Shows the value of an individual member of the population as a function of the mean and std dev. Found by dividing the difference between the point and the mean by the std dev.

Density Curve

Curve that traces the top of a histogram and has an area under the curve of 1. Is an approximate shape of the histogram, and is always above the x axis.

mean < median = skewed left, mean > median = skewed right.

Required notation given mean “µ“, std dev “σ”, where x = height of adult american males(m)

x ~ N(µ, σ), x = height of american male(m)

Notation showing proportion of the whole of x population with a value of less than c

P(x<c)

< vs ≤

Interchangeable in this unit.

Normal distribution

A symmetric unimodal bell-shaped curve, which abides by the empirical rule.

Points of inflection on a normal curve

At ± 1 std dev

Empirical Rule(68, 95, 99.7)

Rule which states that 68% of a population lies between ±1 std dev, 95% between ± 2 std devs, and 99.7% between ± 3 std devs.

Table A

Shows the proportion less than a given z score and vice versa.

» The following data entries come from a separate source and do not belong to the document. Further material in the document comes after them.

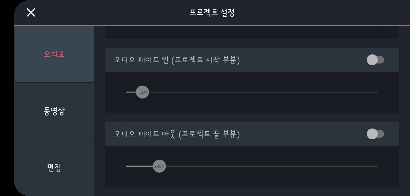 오디오에서 마스터 볼륨 자동 조정 선택 여부와 '페이드 인'과 '페이드 아웃' 등을 설정합니다. 오디오 '페이드 인'은 소리가 점점 커지면서 시작되는 것을 말합니다. 반대로 '페이드 아웃'은 사운드가 끝날 때 점점 소리가 작아지면서 끝나는 것을 의미합니다.
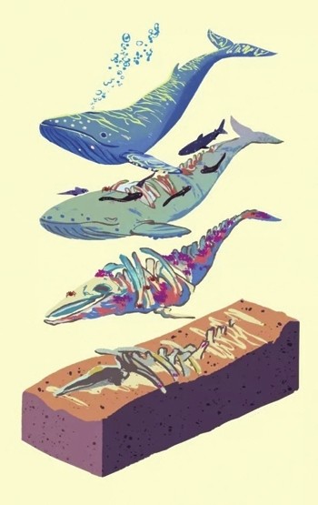 如果说鲸死亡后存有最“内核诗意”的话,那一定就是“鲸落”的整个过程。这具庞然大物近乎垂直而缓慢地沉入海底深处,其肉身在不同阶段甚至可以为此片海域提供长达100年的营养! 在1000多米深的地方,海底不仅寒冷、漆黑一片,而且海床表面基本是贫瘠的——直到一具尸体穿越水层着陆。它始于鲸在海面的最后一次呼吸,将两个世界连接了起来。任何尚未被鲨鱼或海鸟啄食的腐肉都为深海鲨鱼、鱼类和螃蟹等食腐动物提供了直接的食物。 研究人员估计,在很短的时间内(几周到几个月),这些生物就会剥光尸体的肉,只留下骨头。在深海海底,几乎没有洋流改变鲸骨的位置,使骨骼几乎保持着落入水底时的样子:颌骨靠近或直接与头骨相连,头骨自身则与脊柱呈一直线相连,鳍骨分列两边——假如这些部分没被海面上的食腐动物撕扯掉的话。 但是等海底食腐动物游走后,故事仍然没有结束。一旦肉被吃完,鲸落就步入第二阶段,迎来蜗牛、蛤蜊和多毛纲蠕虫在它身上的定居——其中一些以软骨和骨骼表面为食,另一些则钻入骨骼周围的沉积物中,这些沉积物因从鲸的油脂中渗出的有机物而变得更营养丰富。蜗牛、蛤蜊和多毛纲动物需要几个月到几年的时间来消耗它们所能消耗的一切,然后第三阶段开始,这一阶段可能持续几十年甚至更长时间(没人说得清,因为研究鲸落的时间只有40年)。这可能是最后的高潮阶段,在这一阶段中,两组细菌生活在鲸骨内或鲸骨之上:一组厌氧细菌利用海水中的硫酸盐消化锁在鲸骨中的油;另一组嗜硫细菌则利用厌氧细菌产生的硫化物副产物与溶解氧结合产生能量。 在这一阶段,嗜硫细菌会对各种真正的“鲸落专家”提供支持,包括一些贻贝、蛤蜊和管状蠕虫,嗜硫细菌在它们体内共生,使它们有机会在一个没有阳光的世界里自己产生能量。在这样的海洋深处,鲸的尸体给这个原本贫瘠的深海世界带来了第二次生命。 虽然这些海底骨骼的确切存续时间仍不得而知,但某些估测数据的上限表明,一具鲸尸可以提供长达100年的营养。
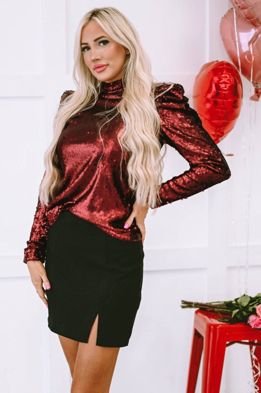 This top combines elegance with comfort, flattering all body types effortlessly. Its shimmering sequins beautifully catch the light, ensuring you make a striking impression at any event. The sophisticated neck design suits both formal and casual settings, while the ruched bubble sleeves add a distinctive, fashion-forward detail. Perfect for elevating your wardrobe with a blend of style and versatility. 100% Polyester
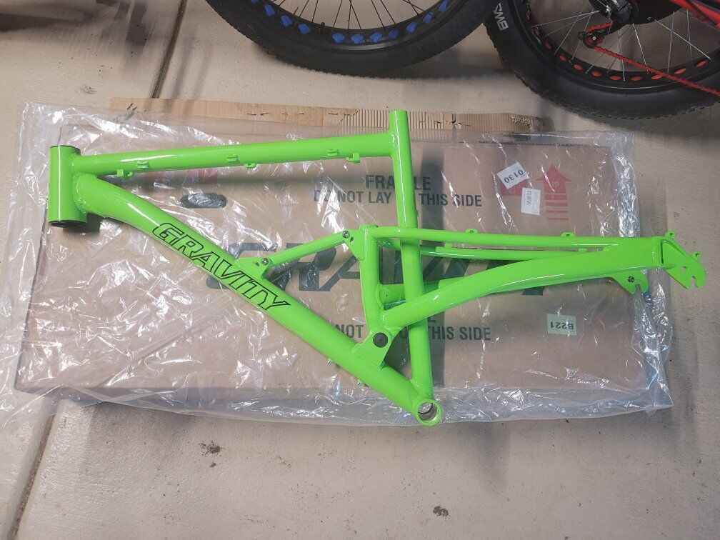 The Gravity frame is a nice one. It's a brand new downhill aluminum 21" frame for 26" fat tires. $500
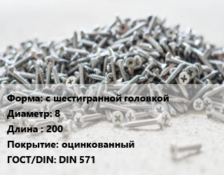 Шуруп с шестигранной головкой 8х200 оцинкованный ГОСТ: DIN 571, упаковка 1000 шт цена от 11 339 Р / кг, где купить, условия доставки в Гродно и Гродненской области
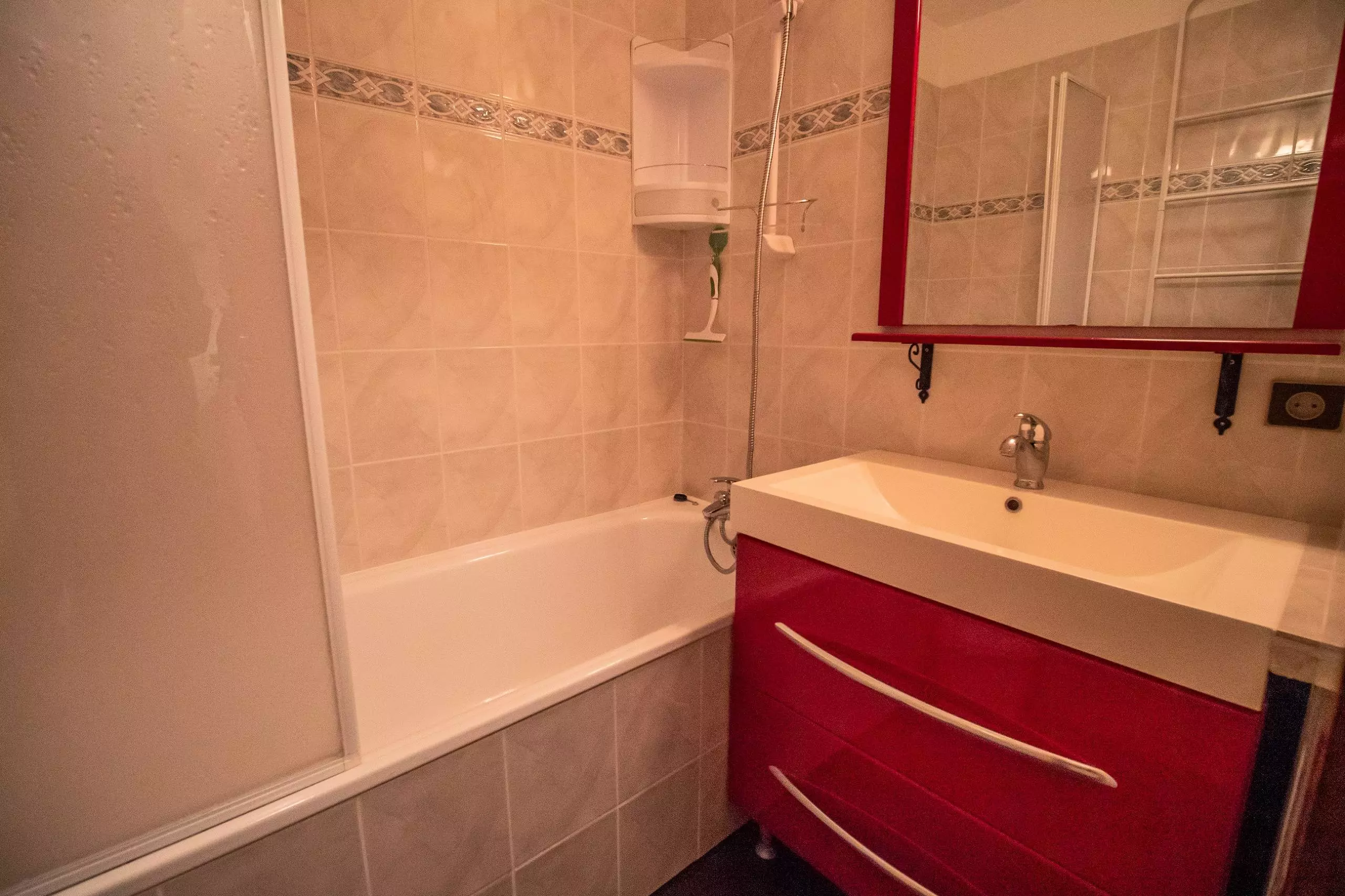 - Living room divisible by a movable partition equipped with a BZ sofa (2 people. 140x190cm), a sofa bed (1 person. 80x190cm) and a set of bunk beds (2 people. 80x190cm)
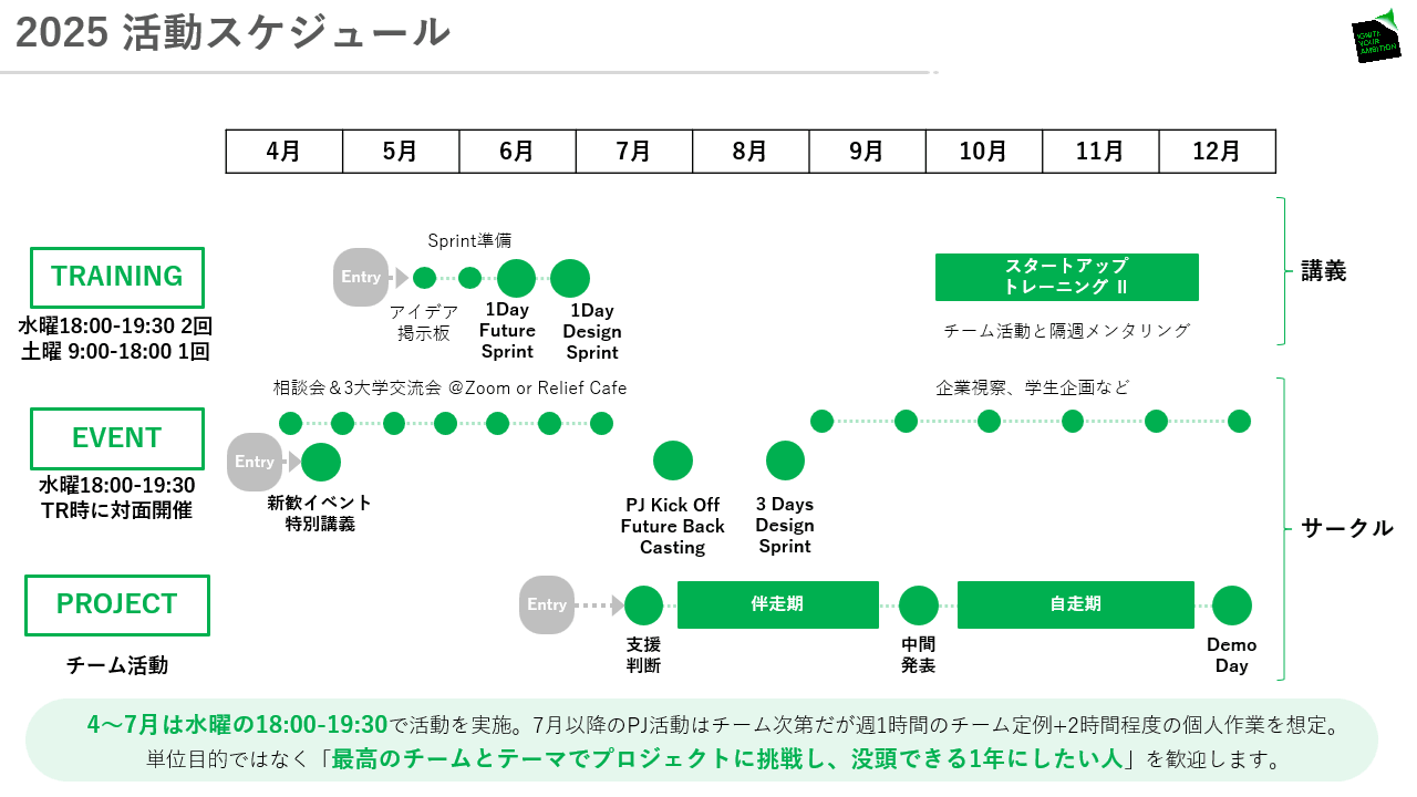 前半はGoogleベンチャーズが開発したデザインスプリントの手法をベースに、「リサーチ→プロトタイプ→ユーザーテスト」を高速で回すトレーニングを行います。後半はチームを組み、12月のDemo Day(成果発表会)に向けて実際にモノを作り、社会実装を目指します。このサイクルを通じて、単にアイデアを出すだけでなく「作って、使ってもらって、作り直して磨いていく」経験を積んでもらうことが目的です。

How to calculate the percentile given a max

2nd → Distr → normalcdf → set max, min, std dev, paste and calculate

How to calculate z-scores given percentile

2nd → Distr → Inv norm → Set max, min, mean, std dev, paste and calculate.

How to create a normal probability plot to prove whether a distribution is normal

Insert data into list → 2nd → stat plot → 6th graph option → plot. A normal distribution will have a linear pattern, while skewed graphs will be warped.

Using the normal probability plot to determine leftward skew

A normal probability plot which is skewed left will have a flatter slope and the points of z-score < 0 clumped together as a greater proportion of the population would be clustered on the left.

Using the normal probability plot to determine rightward skew

A normal probability plot which is skewed left will have a steeper slope and the points of z-score > 0 clumped together as a greater proportion of the population would be clustered on the right.

Convenience Sample

A sample which is convenient for the surveyors

ex: choosing the closest 5 students as a sample

Simple Random Sample(SRS)

Simple random selection such that each individual has a equal chance of being selected.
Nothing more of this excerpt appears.